I personally do not mind the raw rehearsal sound (after all I have raved about Gutrot and even Eat Shit on Terminal Sound Nuisance) and in addition to early Discharge and Disaster, I am reminded of genuinely raw early discharge-y bands like Subversion, Violent Uprising or even Diatribe, of demo era Doom instead of Sore Throat (the opening of "Doombastards" leaves little room for doubt), and of Disclose of course, especially in the vocal tone, but the similarity is unintentional, if not anachronistic. As I said, the guitar riffs are very simple, direct and aggressive and the d-beat is very pure and, dare I say it, innocent. I just love how the singer introduces the band at the start and then at the end says "Thank you, good night" as if it were a proper gig.
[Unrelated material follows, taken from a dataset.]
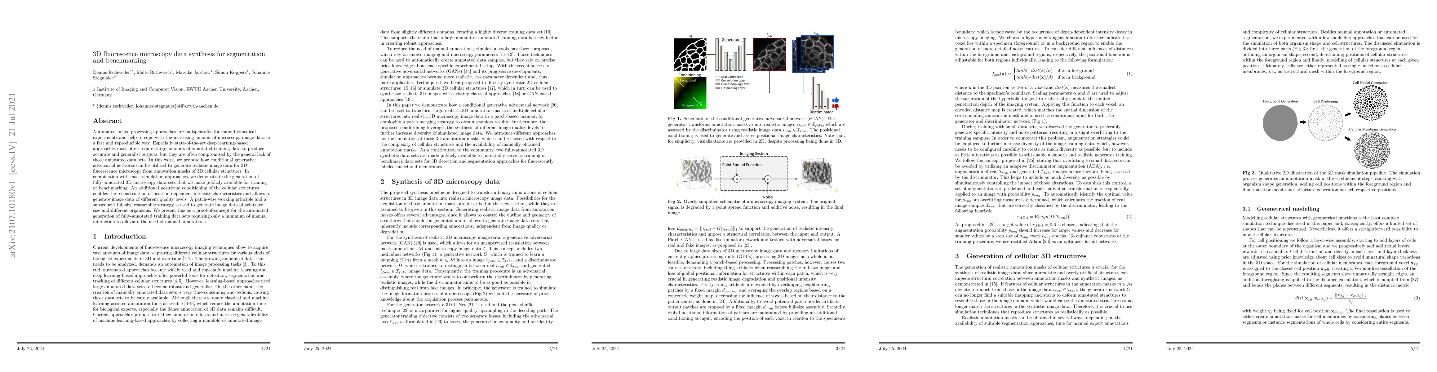This paper proposes using conditional generative adversarial networks to synthesize realistic 3D fluorescence microscopy data from cellular structure masks, enabling the creation of fully-annotated datasets for training and benchmarking deep learning models. The approach also allows for generating data of varying quality and size, demonstrating a proof-of-concept for reducing the need for extensive manual annotations.

It just sounds adorable especially when you put in perspective with the barrage of raw noise that just hit you. RoW sound almost refreshing for their genuine and youthful version of the raw and distorted d-beat, they sound like the lost paradise, essentially prelapsarian, unspoilt by the massive coming trend, symbolical of a time when the name "Realities of War" referred also to Discharge and not just to the whole d-beat phenomenon. It does sound a bit corny to our jaded ears nowadays but that's because we have become cynical bastards.



This is for the true lovers of the D. Seven songs, five of which are untitled. This noize kills posers and can therefore be used as a repellent.